В открытое окно с большого двора доносится запах навоза. Рыжие кареты заезжих постояльцев пахнут дегтем и хвоей. Протяжно ржут вдалеке лошади.
— Дармштадт не похож на Варшаву, а Гессен — на Польшу, — начинает Войцек.
Он любовно и осторожно, как дорогую далекую женщину, вспоминает родину.
Шумят на зеленых холмах тополя и липы. Цветут яблони, черешни, груши. Светит плоский голубой месяц над сосновым бором, над мохнатыми равнинами, над песчаными горами, над белыми крестьянскими хатами и дворянскими нарядными усадьбами. Звонят свирели, шелестят прялки.
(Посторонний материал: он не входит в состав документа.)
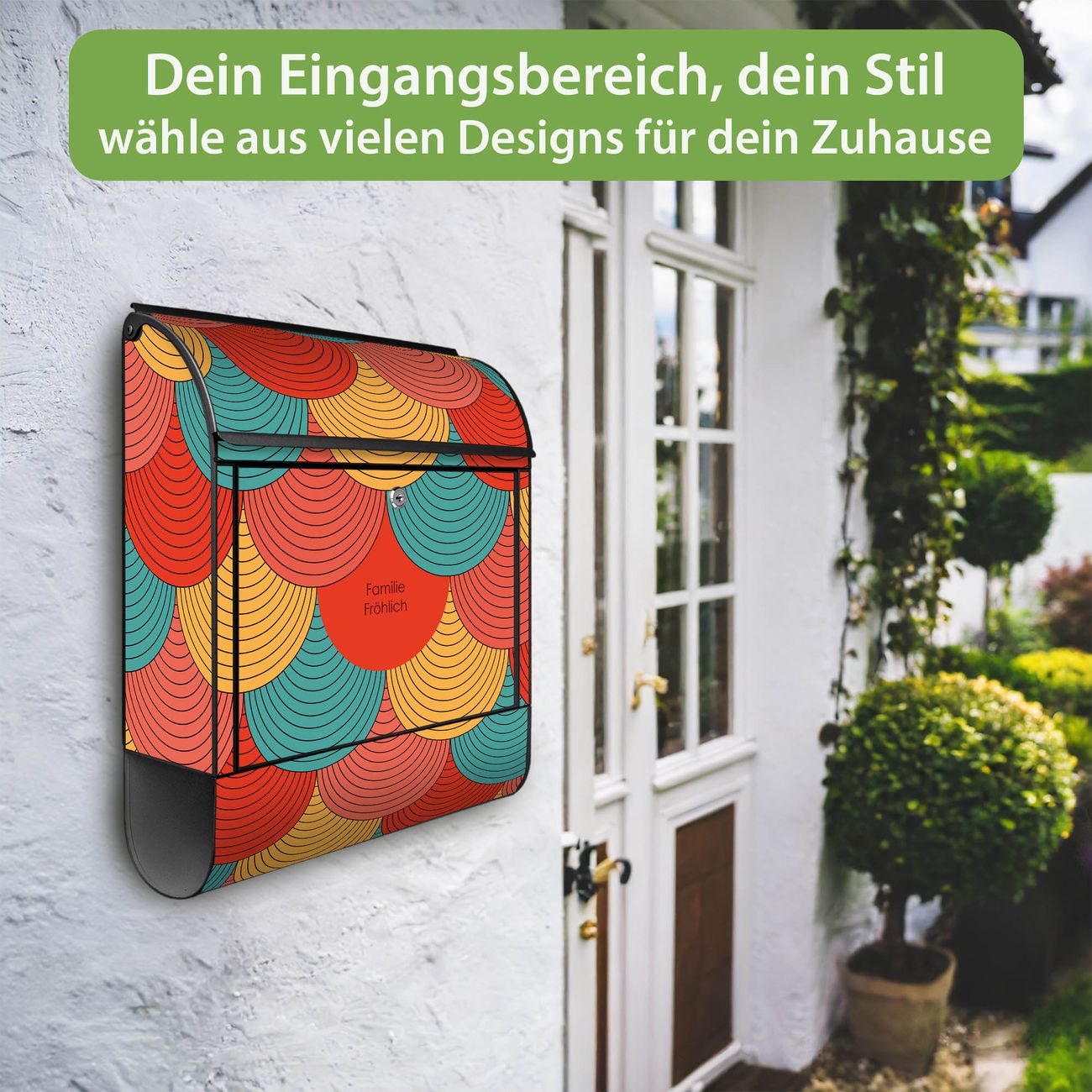 DESIGN: Der Postkasten mit Motiv Motiv Wolkenstore hat ein sehr ansprechendes und ausgefallenes Design, damit entlocken Sie Ihren Nachbarn und dem Postboten ein Lächeln. Heben Sie Sich von der tristen grauen Masse ab, ohne auf Funktionalität zu verzichten. DETAILS: Der Postkasten besteht aus pulverbeschichtetem Stahl. Er ist 38x46x12,5cm groß. Das Motiv besteht aus einer wetter- und UV-resistenten Folie, die mit einem Schutzlaminat überzogen ist, sodass der Briefkasten zusätzlich vor Kratzern geschützt ist. Der Briefkasten wird mit Montagematerial, zusätzlich zwei Schlüssel sowie einer Bohrschablone geliefert. NUTZEN: Sie können diesen Briefkasten sowohl als Wandbriefkasten montieren oder einen passenden Ständer kaufen und als Standbriefkasten einbetonieren. Die Größe bietet genügend Platz für Sendungen aller Art, der Einwurf fasst auch größere A4 Sendungen. BANJADO: Ihr Briefkasten wird in Sachsen in einer kleinen Manufaktur von Hand veredelt. Die Motivfolie ist lösungsmittelfrei und schutzlaminiert für einen langen Halt. Wir legen großen Wert auf die Verbindung von Funktionalität und Design. Sie erhalten Handarbeit aus Sachsen.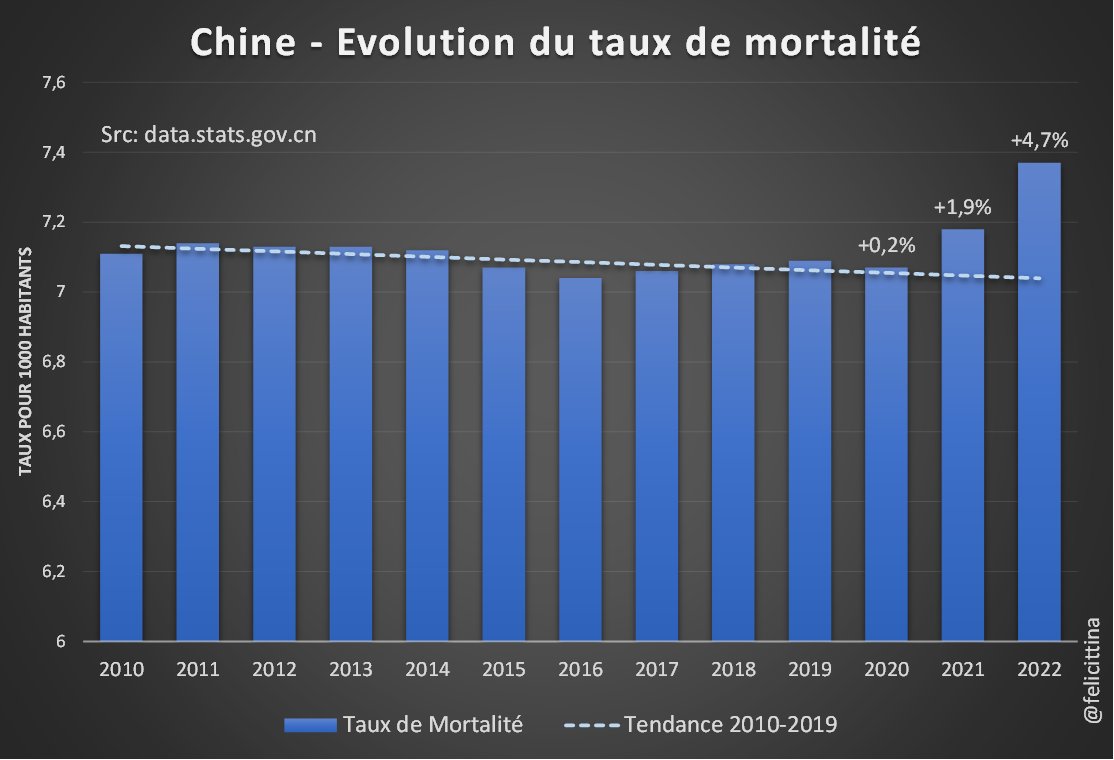 …2010-2019 ou 2015-2019 (régressions linéaires) habituellement utilisées. Puisque ces tendances supposent une évolution linéaire de la mortalité, alors que l'effet moisson de 2020-2021 devrait se traduire par un plafonnement voire une diminution de celle-ci. [5/6]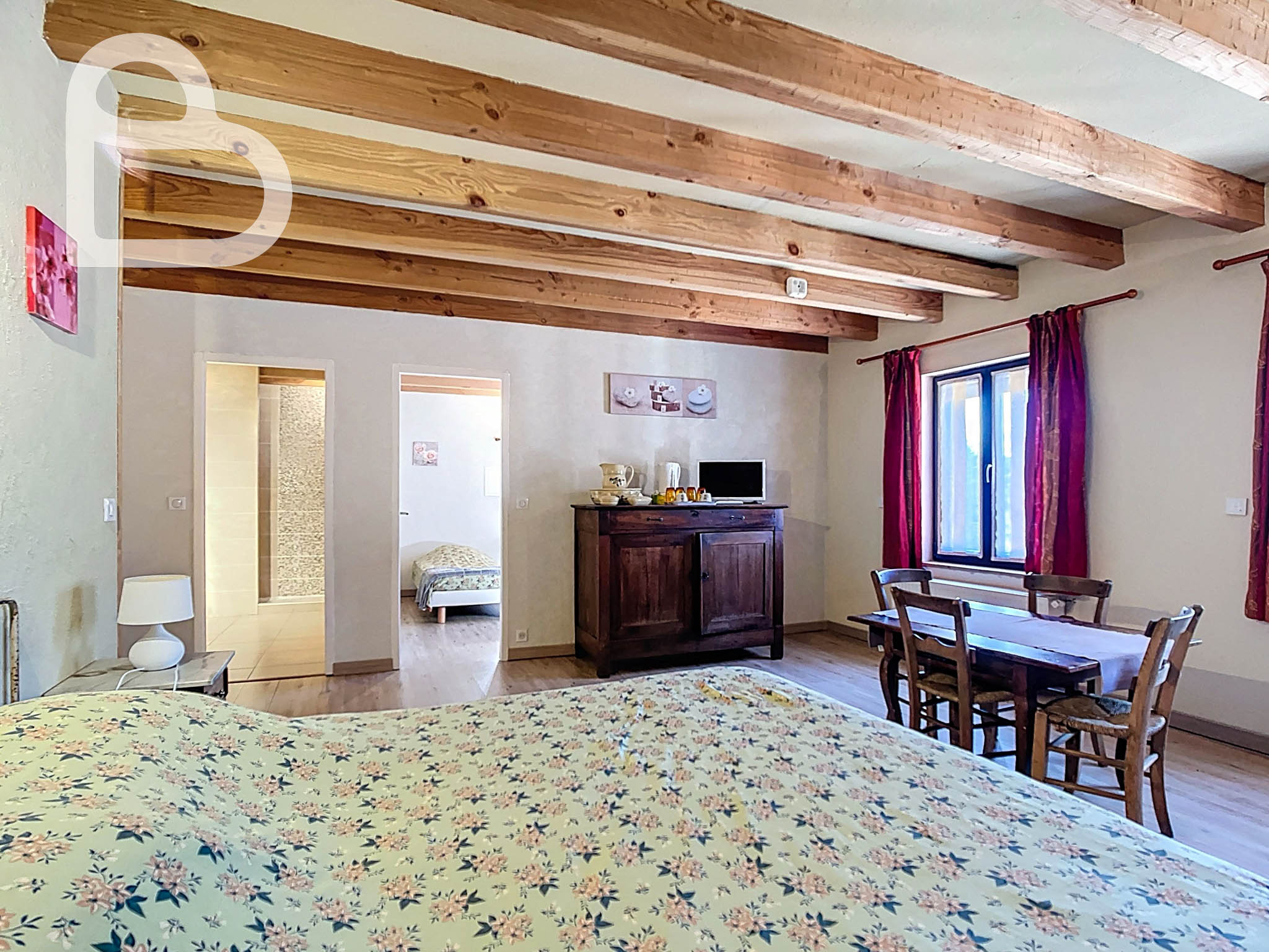 Aan de rechterzijde van het gastenverblijf bevindt zich op de verdieping een gîte met een leefruimte en open keuken, een wasplaats en een badkamer. Op de bovenverdieping van de gîte zijn drie slaapkamers ingericht. De gîte beschikt over twee eigen terrassen.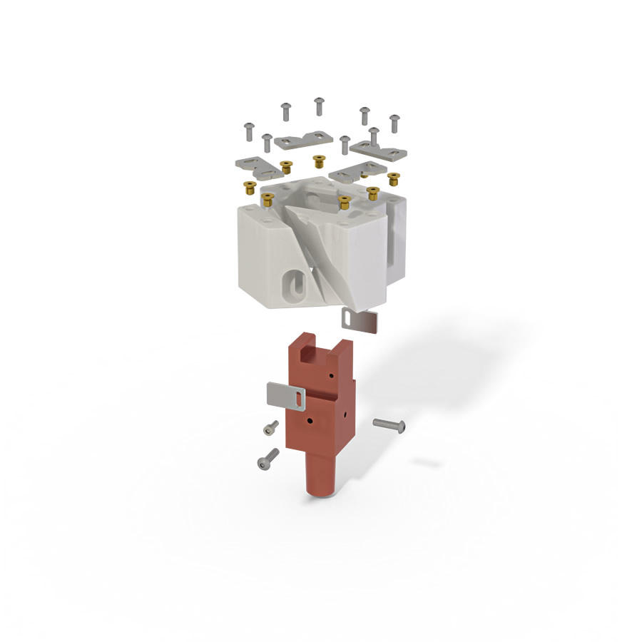 Alle Vorrichtungen werden auf der unteren Elektrode aufgebaut. Sie können wählen zwischen fertigen Elektroden verschiedener Hersteller oder hauseigenen Standardelektroden als Basis. Eine Vorrichtung besteht in der Regel aus einem preisgünstigen Grundkörper im 3D Druck, kombiniert mit günstigen Standardteilen namhafter Hersteller.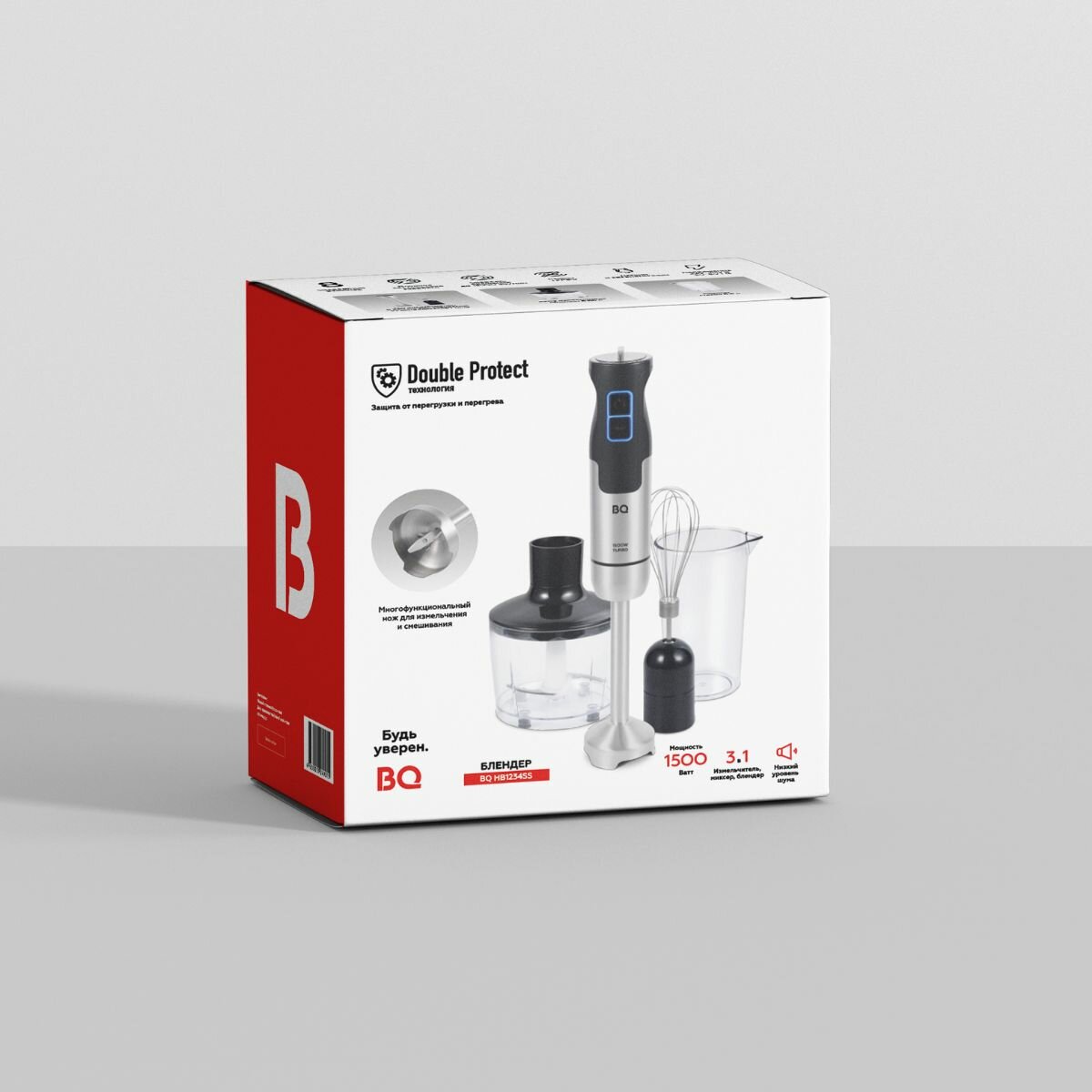 Купить Блендер погружной BQ HB1234SS Black-Steel / блендер для смузи / блендер для коктейлей

Над всей Польшей раздается пронзительное равномерное повизгивание царского кнута.
Черный вылощенный николаевский сапог примял зеленые просторы, и каблук его давит самое сердце страны — Варшаву.
— Восстание в Варшаве началось в ноябре тридцатого года, — говорит Войцек.
«За год до Лионского», — думает Сток. Ему вспоминается осенняя ночь, вязкая слякоть, ранняя темень и дома — жужжащие ульи: работают ткачи.
— Я был солдатом в полку Высоцкого, — продолжает поляк. — Он мне доверил тайну заговора и условный пароль. «Братья! — говорил я в ночь восстания товарищам по казарме. — Манифест русского царя гонит нас из Польши. Мы предназначены быть палачами свободы в Бельгии и Франции. Мы не пойдем на это страшное преступление. Мы не оставим родины. Да здравствует свободная Польша!» Мне не нужно было долго убеждать солдат; они не хуже меня испытали на своих спинах удары царского хлыста. Когда Высоцкий и школа подпрапорщиков пришли к нам, пехотинцы были вооружены и готовы действовать. Мы атаковали гвардейских улан и, соединившись с единомышленниками, двинулись в Лазенковский лес. Там уже ждали студенты. Я пошел в Бельведер в отряде Высоцкого, чтоб задержать Константина. Светало, когда мы поднялись но мраморным ступеням дворца. В кабинете царского брата было пусто: он и княгиня Лович бежали. Мы прошли в глубь королевских покоев. Всюду — следы поспешного бегства. После короткого боя с охраной дворец был целиком очищен. Спустя сутки революция охватила всю Польшу. Я примыкал к красным, и мы, а не белые шляхтичи, князья вроде богача Чарторыйского, — мы, а не они, совершили переворот и очистили Варшаву от врагов. На следующий после восстания день наша армия насчитывала до тридцати тысяч солдат. К нам на помощь шли поляки из русских, австрийских и прусских земель. Я пошел в партизанский кавалерийский отряд, составленный
Иоганн печально улыбается. Бротто, Ля-Гийотьер, штаб на площади Круа-Русс промелькнули перед ним.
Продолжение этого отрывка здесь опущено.